When plans for Qatar to create a €50m euro fund to invest in some of Paris’s poorest suburbs emerged last month, the French political right and left united in disapproval. Marine Le Pen, leader of the far-right National Front, denounced the move as a plot to stoke Islamism in Paris’s Muslim-dominated districts, while the left-leaning Libération railed against the French government allegedly subcontracting its sovereign duties to a Middle Eastern state whose motives were suspect.

Yet the reaction shows a fundamental misunderstanding of the way Qatar operates globally and what it is trying to achieve. The pattern of its international relations shows its investments are geared primarily to three things: profit, security and building a brand that appeals to its western allies despite not being a democracy. The investment in the banlieue – long a scar on France’s social conscience – looks no different.

Part of the suspicion of French commentators stems from the difficulty of evaluating what kind of financial return Qatar could make from such a venture. Simultaneously, Qatar’s well-known support of Islamists in the Arab Spring has spawned far-fetched reports in the French press, quoting military intelligence sources who accuse Doha of supporting pro-Sharia armed militants in Mali.

Yet all this ignores a long record of examples that suggest financial gain is typically foremost in any Doha-backed investment. Such strategy is driven by a desire to bolster the country’s balance sheet and diversify earnings away from oil and gas.

The Qatar Investment Authority, the state’s main international investment vehicle, was established in 2005 to bolster and secure the longer term health of the economy through diversification. Subsequently, it has earned a reputation as a successful, thirsty investor with a particular eye for bargains and blue-chip companies.

Image in the west is also an important element of Qatari ventures overseas, whether backing Libyan rebels or building the Shard, London and Europe’s tallest building.

Since the mid-1990s, Qatar has been trying to present itself as a business-savvy, culturally-sophisticated and forward-thinking country, differentiating itself from other Gulf city-states such as Abu Dhabi, Dubai and Manama. Doha’s heavy investment in international art and education facilities, conferences and big sporting events such as the World Cup are all part of building the brand of Qatar™.

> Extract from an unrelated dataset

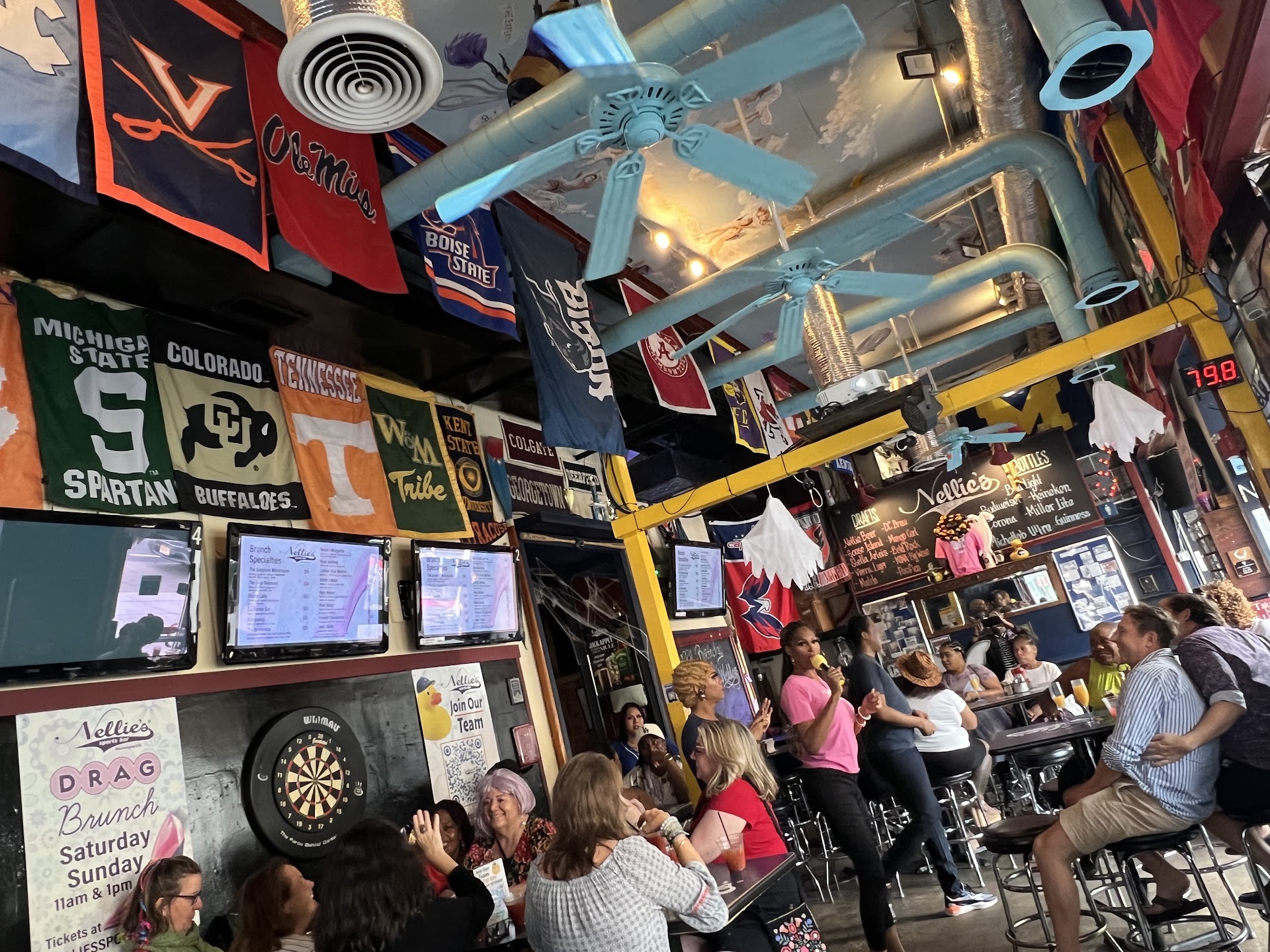 This review is for the drag brunch only. A few days ago, my bestie (first time at a drag brunch) and I traveled here for a drag brunch. When we arrived around 1 p.m., there was a rope blocking the brunch buffet so our only option was to walk upstairs (the buffet was not ready yet). Once we got upstairs, my friend and I grabbed a table and sat down. When my friend came back after getting a drink, I asked if she got the complimentary one included in our ticket price and she was told that we would get that downstairs. Then around 2 p.m., one of the queens walked around & started scanning tickets in order of the largest party size (15 people) and the parties were seated downstairs. My friend and I saw the writing on the wall (that we would probably be one of the last tables since we were a party of 2) so thankfully we met 2 other sweet girls and formed an alliance. We were seated next. Even though all the windows were open (on both floors) and fans were blowing, it was hot! Thankfully I brought my fan which helped a little. When we got downstairs, it was cramped, crowded, & dreadful because of the humidity. Shortly after, they opened up the buffet and went table by table. Then around 2:55, it was announced that they would start shortly (this was not what I expected since I had to be at the train station by 5 p.m., but it all worked out in the end). The food was pretty good, but since it was sweltering I didn't have much appetite. Now for the best part of the brunch: the queens. They were amazingly talented and I gave them as much money as I responsibly could. It's certainly not their fault that the logistics, communication, and organization were non-existent. My friend enjoyed her first drag brunch which is all that really matters to me, but I highly doubt that I will ever come back again...

A third strand in Qatar’s financial strategy is linked to its core security concerns. It has seen Kuwait invaded in 1990, a deepening crisis over Iran and often acrimonious relations with Saudi Arabia – all of which mean it needs its western allies.

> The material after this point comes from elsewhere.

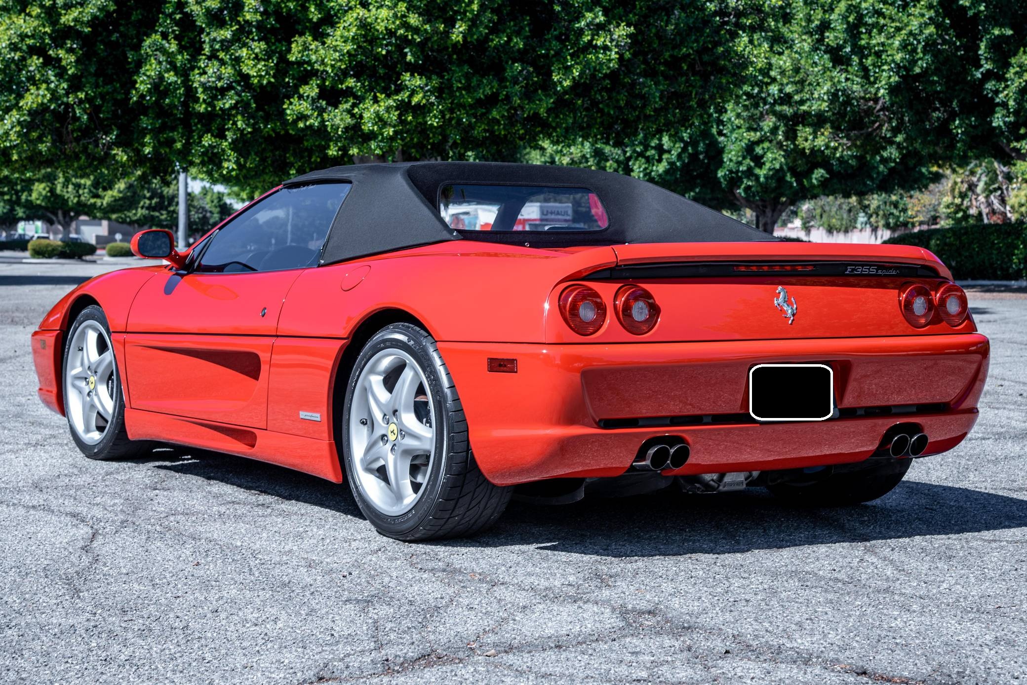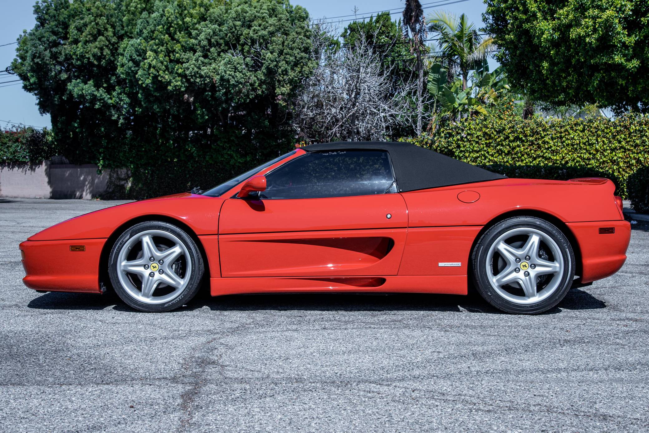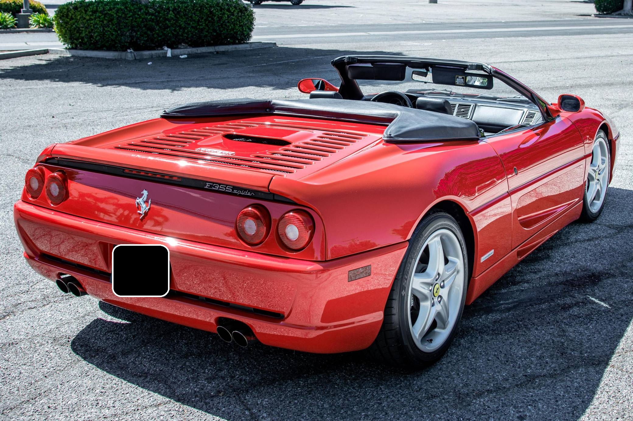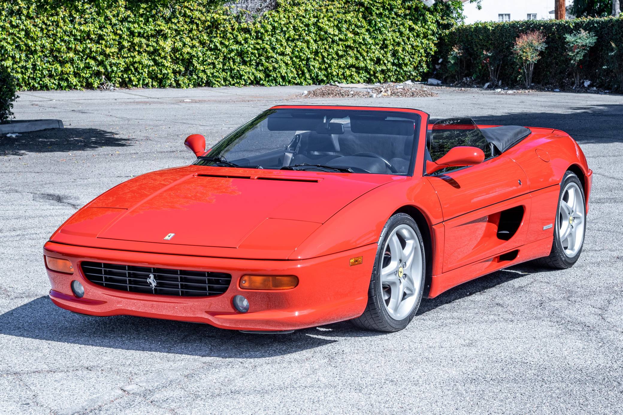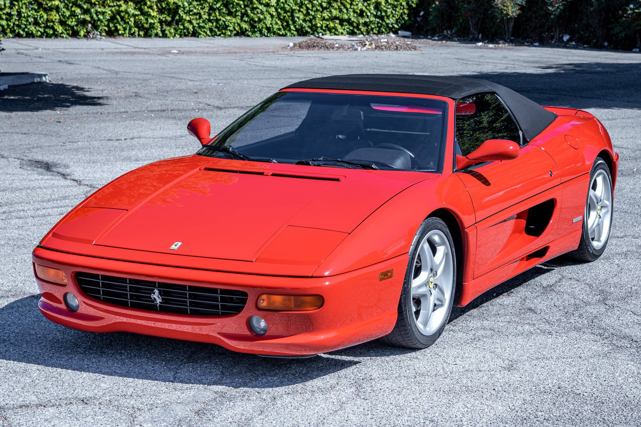 THIS. . . is a 1995 Ferrari F355 Spider, finished in Rosso Corsa with a black soft top and a black interior. This F355 is equipped with the desirable gated 6-speed manual transmission, and its odometer displays about 30,400 miles. It also shows that this Ferrari was Florida-owned until 2021, when it moved to California. Factory equipment includes 18-inch wheels, pop-up headlights, fog lights, leather upholstery, power-operated windows, and power-adjustable door mirrors, among others listed below. Modifications reported by the seller are limited to a Capristo exhaust system, tinted windows, a Ferrari-branded fire extinguisher, and an Alpine head unit. Ferrari introduced the Pininfarina-designed F355 as a coupe for 1995 to replace the 348, and the range later grew to include Spider and GTS variants. Buyers and road testers unanimously agreed it was a major improvement over its predecessor. Ferrari made a Formula 1-style automatic transmission available for the 1998 model year, and F355 production ended after 1999. It was replaced by the 360 Modena. Power for this F355 comes from the "F129C" 3. 5-liter V8, rated at 375 horsepower and 268 lb-ft of torque. Mid-mounted, it spins the rear wheels via a gated 6-speed manual transmission.

While Doha already has the US security umbrella and various agreements with France and the UK, it has been steadily building these relationships, particularly with London, over the past few years. Tens of billions of pounds of investment in London, not to mention supplying a vast proportion of the UK’s gas requirement, guarantees Qatar an appointment at Downing Street whenever it wishes. Doha has also made a series of important acquisitions in France and buys up to 80 per cent of its military material from the republic.

Although there is no document setting out Qatar’s strategy, it is apparent from – and only possible because of – the concentration of power in the hands of a tiny number of decision-makers who are related and share a vision of country’s future. While Hamad Bin Khalifah Al Thani, the emir, remains in broad strategic control, Tamim Bin Hamad Al Thani, the crown prince, is increasingly active and is behind several recent sporting ventures, including the acquisition of Paris St Germain football club. Hamad Bin Jassem Al Thani, prime minister and foreign minister, is the key player in the Qatar Investment Authority, while Sheikha Moza, the emir’s second wife, is the guiding force behind the social and educationally-focused Qatar Foundation. Sheikha Mayassa, the emir and Moza’s daughter, is in charge of museums and art projects.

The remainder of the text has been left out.